• INPUT DATA:
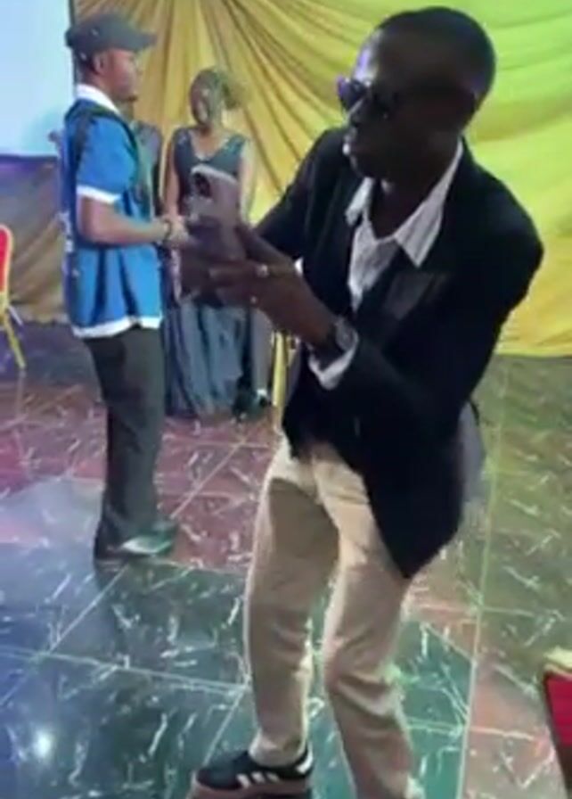 A man wearing sunglasses, a blazer, light-colored pants, and dark shoes dances and records with his cell phone in a banquet hall. Another man in a blue shirt and cap stands nearby. A woman in a black dress is visible in the background. The floor is patterned with light and dark squares. The camera falls during recording and ends up showing various blurred objects, including furniture and fabric in red, yellow, and green.
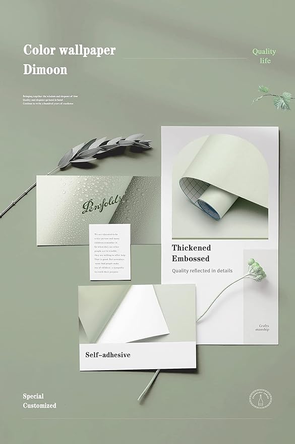 Dimoon 236''x17.7'' Green Peel and Stick Wallpaper Contact Paper Modern Self Adhesive Wall Paper Removable Renter Friendly Textured Solid Color Shelf Cabinet Vinyl Roll (236''x17.7'',Palegreen)
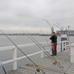 Fabian setzt auch beim Plattfischangeln am Kanal auf Brandungsruten – Modelle bis 4,20 m mit einem Wurfgewicht bis 225 g. Schwere Karpfen– oder Heavy Feeder-Ruten erfüllen aber auch ihren Job. Es ist auf jeden Fall erforderlich, dass die Montage am Platz liegen bleibt, um die standorttreuen Plattfische fangen zu können. Damit die langen Brandungsruten auch bei Wind und Wetter stabil und sicher am Wasser stehen, benutzt er ein herkömmliches Brandungsdreibein. Alternativ kann man die Ruten am dortigen Geländer mit einem Reling-Band, wie man es beim Kutterangeln verwendet, befestigen.

• WORK ORDER:
What is needed here is each line above set down word for word, minus the images.

• RESULT:
 A man wearing sunglasses, a blazer, light-colored pants, and dark shoes dances and records with his cell phone in a banquet hall. Another man in a blue shirt and cap stands nearby. A woman in a black dress is visible in the background. The floor is patterned with light and dark squares. The camera falls during recording and ends up showing various blurred objects, including furniture and fabric in red, yellow, and green.
 Dimoon 236''x17.7'' Green Peel and Stick Wallpaper Contact Paper Modern Self Adhesive Wall Paper Removable Renter Friendly Textured Solid Color Shelf Cabinet Vinyl Roll (236''x17.7'',Palegreen)
 Fabian setzt auch beim Plattfischangeln am Kanal auf Brandungsruten – Modelle bis 4,20 m mit einem Wurfgewicht bis 225 g. Schwere Karpfen– oder Heavy Feeder-Ruten erfüllen aber auch ihren Job. Es ist auf jeden Fall erforderlich, dass die Montage am Platz liegen bleibt, um die standorttreuen Plattfische fangen zu können. Damit die langen Brandungsruten auch bei Wind und Wetter stabil und sicher am Wasser stehen, benutzt er ein herkömmliches Brandungsdreibein. Alternativ kann man die Ruten am dortigen Geländer mit einem Reling-Band, wie man es beim Kutterangeln verwendet, befestigen.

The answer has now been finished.